TASK TO CARRY OUT
Below are lines of records; copy exactly those from the one containing "LG 퓨리케어 360도" through the one containing "HIGH THONG MULE", leaving the pictures behind.

PROVIDED DATA
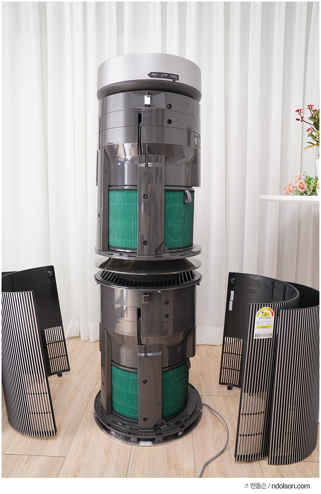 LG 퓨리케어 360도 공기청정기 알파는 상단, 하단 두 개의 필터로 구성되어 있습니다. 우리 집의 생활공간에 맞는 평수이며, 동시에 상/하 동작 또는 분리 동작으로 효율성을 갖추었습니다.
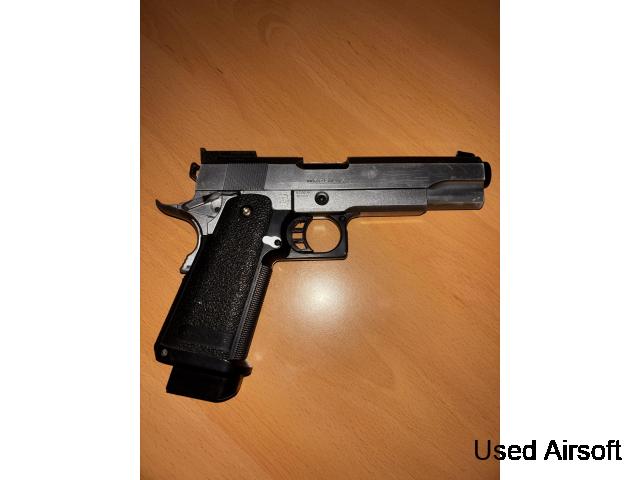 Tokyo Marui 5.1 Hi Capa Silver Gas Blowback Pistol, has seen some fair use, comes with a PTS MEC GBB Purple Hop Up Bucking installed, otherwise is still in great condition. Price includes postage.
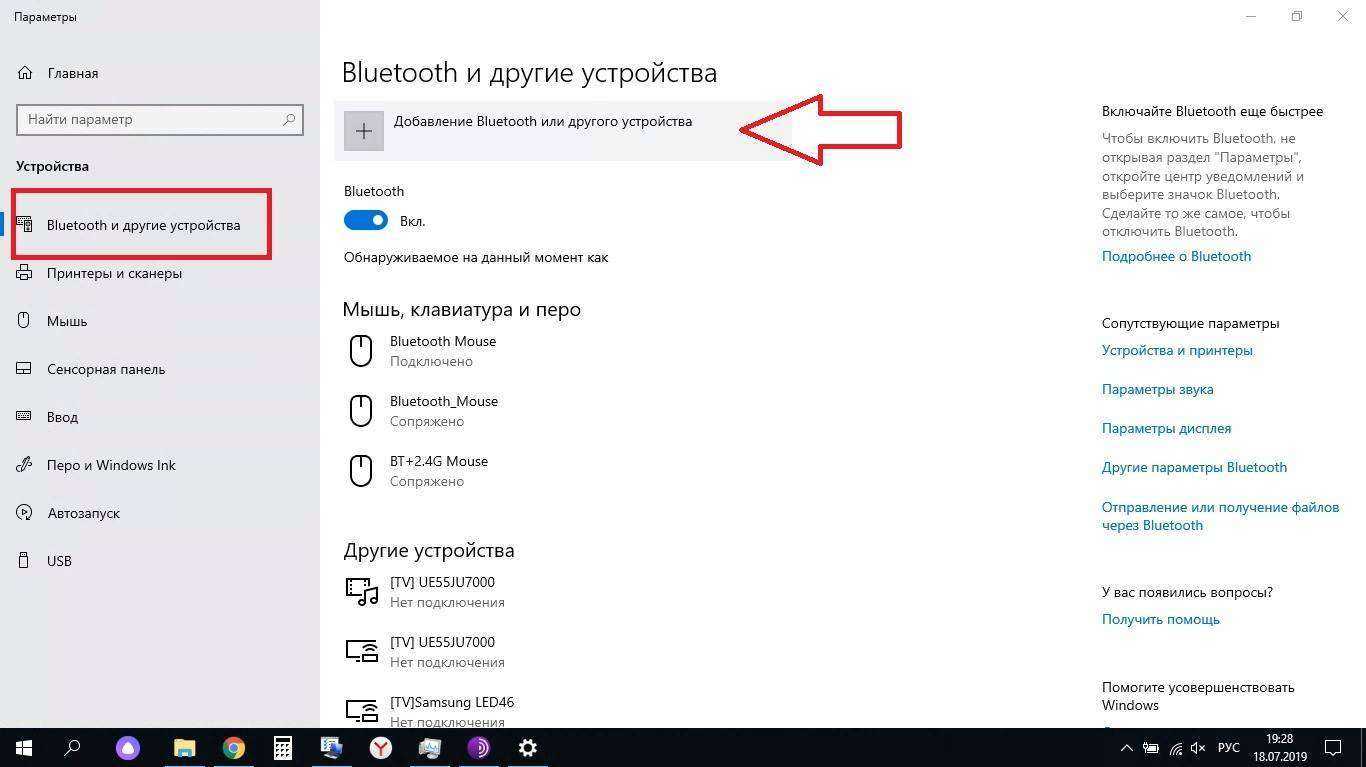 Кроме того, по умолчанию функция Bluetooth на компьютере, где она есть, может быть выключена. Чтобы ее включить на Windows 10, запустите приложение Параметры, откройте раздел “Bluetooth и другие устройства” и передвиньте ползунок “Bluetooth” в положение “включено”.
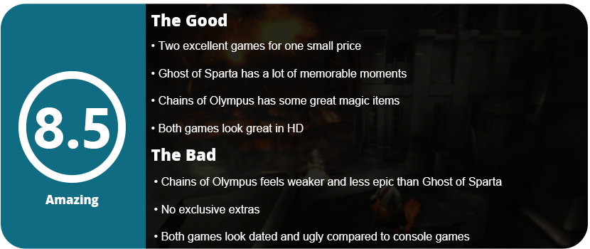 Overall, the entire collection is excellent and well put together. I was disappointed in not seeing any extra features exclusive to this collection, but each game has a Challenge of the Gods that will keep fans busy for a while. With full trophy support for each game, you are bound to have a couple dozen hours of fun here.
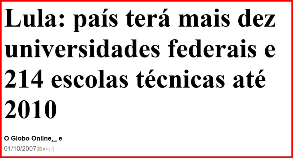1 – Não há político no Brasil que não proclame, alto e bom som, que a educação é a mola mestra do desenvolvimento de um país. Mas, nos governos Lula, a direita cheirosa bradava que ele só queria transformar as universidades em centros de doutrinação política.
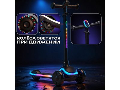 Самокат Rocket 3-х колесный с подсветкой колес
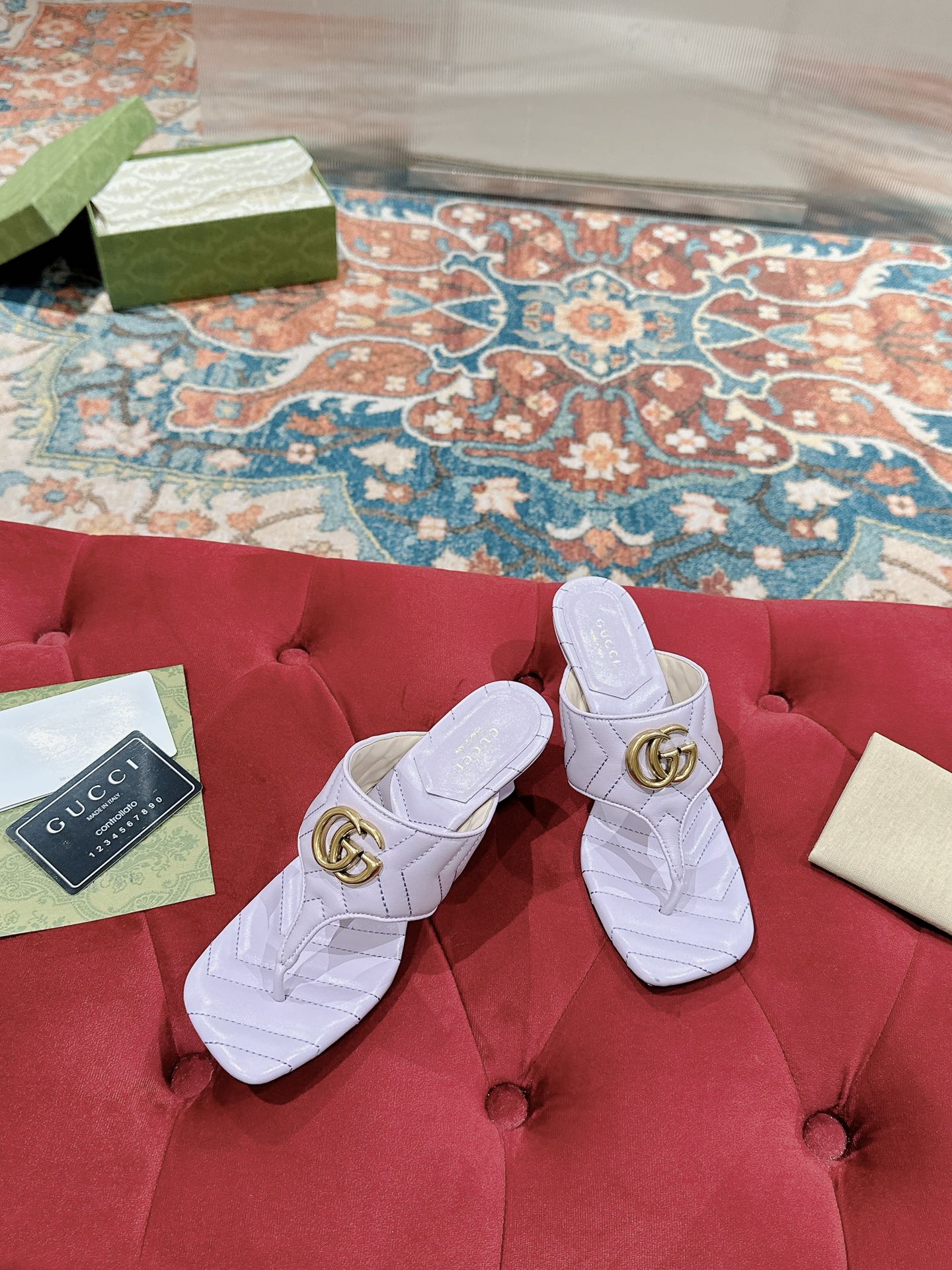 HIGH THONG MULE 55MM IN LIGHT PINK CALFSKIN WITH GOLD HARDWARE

==

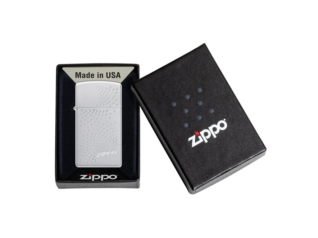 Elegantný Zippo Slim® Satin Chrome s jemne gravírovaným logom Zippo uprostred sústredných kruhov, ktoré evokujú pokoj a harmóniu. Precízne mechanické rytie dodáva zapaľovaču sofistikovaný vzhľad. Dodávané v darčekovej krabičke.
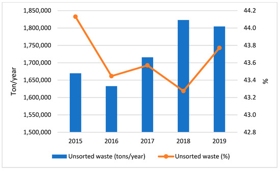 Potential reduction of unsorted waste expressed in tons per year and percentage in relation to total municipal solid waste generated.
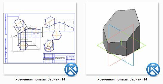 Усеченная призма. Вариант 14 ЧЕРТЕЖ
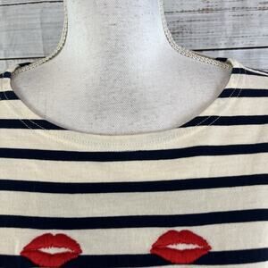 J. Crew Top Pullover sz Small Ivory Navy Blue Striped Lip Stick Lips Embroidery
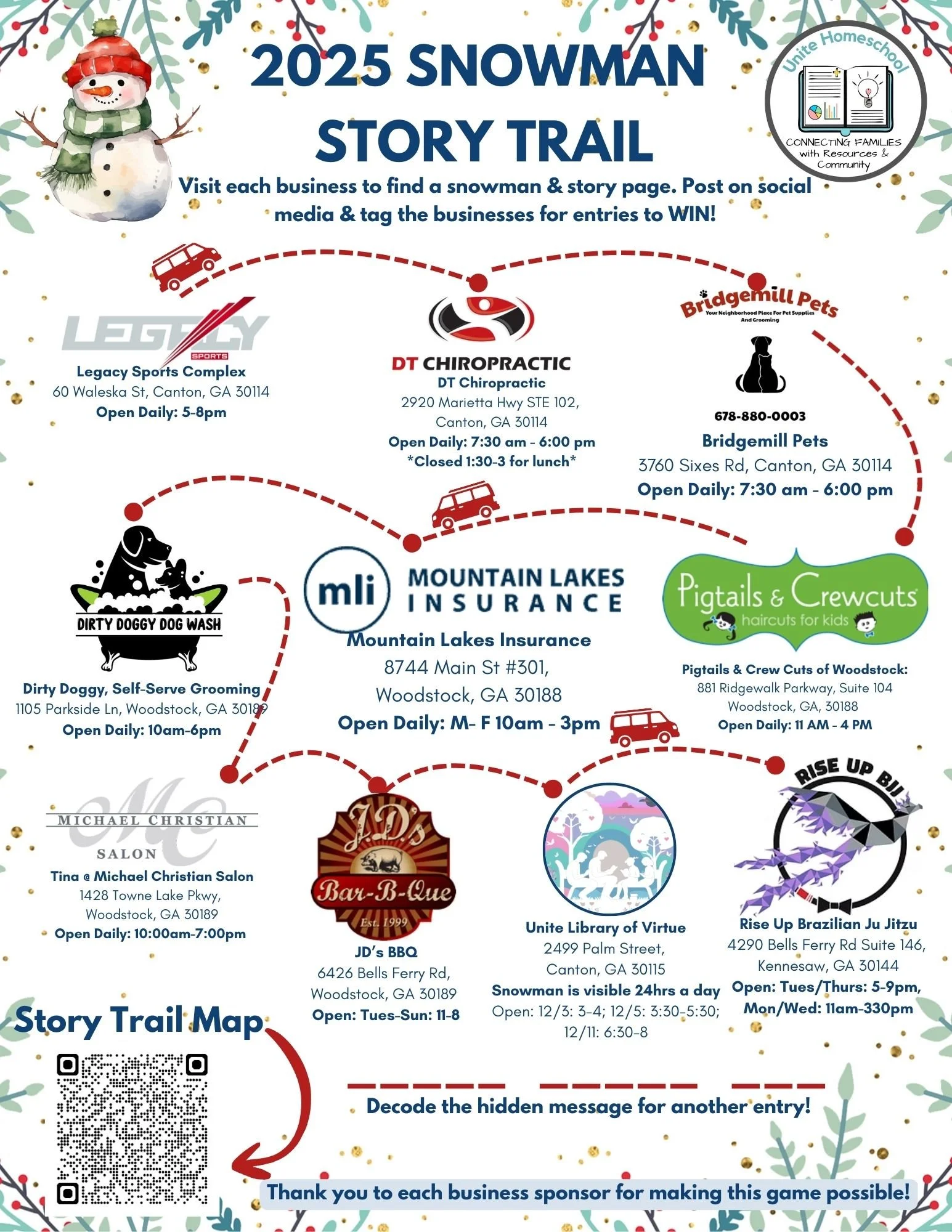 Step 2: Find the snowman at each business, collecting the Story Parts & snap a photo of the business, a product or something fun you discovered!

REPLY
 LG 퓨리케어 360도 공기청정기 알파는 상단, 하단 두 개의 필터로 구성되어 있습니다. 우리 집의 생활공간에 맞는 평수이며, 동시에 상/하 동작 또는 분리 동작으로 효율성을 갖추었습니다.
 Tokyo Marui 5.1 Hi Capa Silver Gas Blowback Pistol, has seen some fair use, comes with a PTS MEC GBB Purple Hop Up Bucking installed, otherwise is still in great condition. Price includes postage.
 Кроме того, по умолчанию функция Bluetooth на компьютере, где она есть, может быть выключена. Чтобы ее включить на Windows 10, запустите приложение Параметры, откройте раздел “Bluetooth и другие устройства” и передвиньте ползунок “Bluetooth” в положение “включено”.
 Overall, the entire collection is excellent and well put together. I was disappointed in not seeing any extra features exclusive to this collection, but each game has a Challenge of the Gods that will keep fans busy for a while. With full trophy support for each game, you are bound to have a couple dozen hours of fun here.
1 – Não há político no Brasil que não proclame, alto e bom som, que a educação é a mola mestra do desenvolvimento de um país. Mas, nos governos Lula, a direita cheirosa bradava que ele só queria transformar as universidades em centros de doutrinação política.
 Самокат Rocket 3-х колесный с подсветкой колес
 HIGH THONG MULE 55MM IN LIGHT PINK CALFSKIN WITH GOLD HARDWARE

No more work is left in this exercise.